==== Task material ====

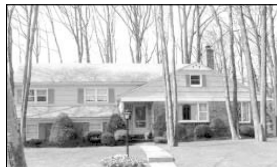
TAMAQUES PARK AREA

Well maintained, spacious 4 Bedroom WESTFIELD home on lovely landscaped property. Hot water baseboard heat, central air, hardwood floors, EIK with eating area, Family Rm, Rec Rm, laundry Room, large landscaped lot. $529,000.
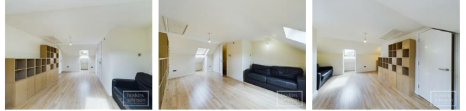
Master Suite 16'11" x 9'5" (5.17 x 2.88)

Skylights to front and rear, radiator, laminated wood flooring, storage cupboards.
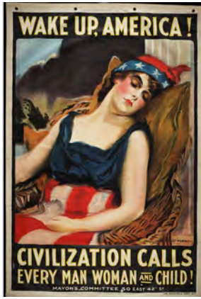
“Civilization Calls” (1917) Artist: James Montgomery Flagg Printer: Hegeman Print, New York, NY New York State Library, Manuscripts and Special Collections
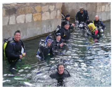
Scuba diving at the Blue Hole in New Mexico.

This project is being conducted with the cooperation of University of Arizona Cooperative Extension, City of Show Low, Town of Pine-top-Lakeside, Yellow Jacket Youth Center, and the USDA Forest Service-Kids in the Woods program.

====

From the data above, show each line that contains "with".

Well maintained, spacious 4 Bedroom WESTFIELD home on lovely landscaped property. Hot water baseboard heat, central air, hardwood floors, EIK with eating area, Family Rm, Rec Rm, laundry Room, large landscaped lot. $529,000.
This project is being conducted with the cooperation of University of Arizona Cooperative Extension, City of Show Low, Town of Pine-top-Lakeside, Yellow Jacket Youth Center, and the USDA Forest Service-Kids in the Woods program.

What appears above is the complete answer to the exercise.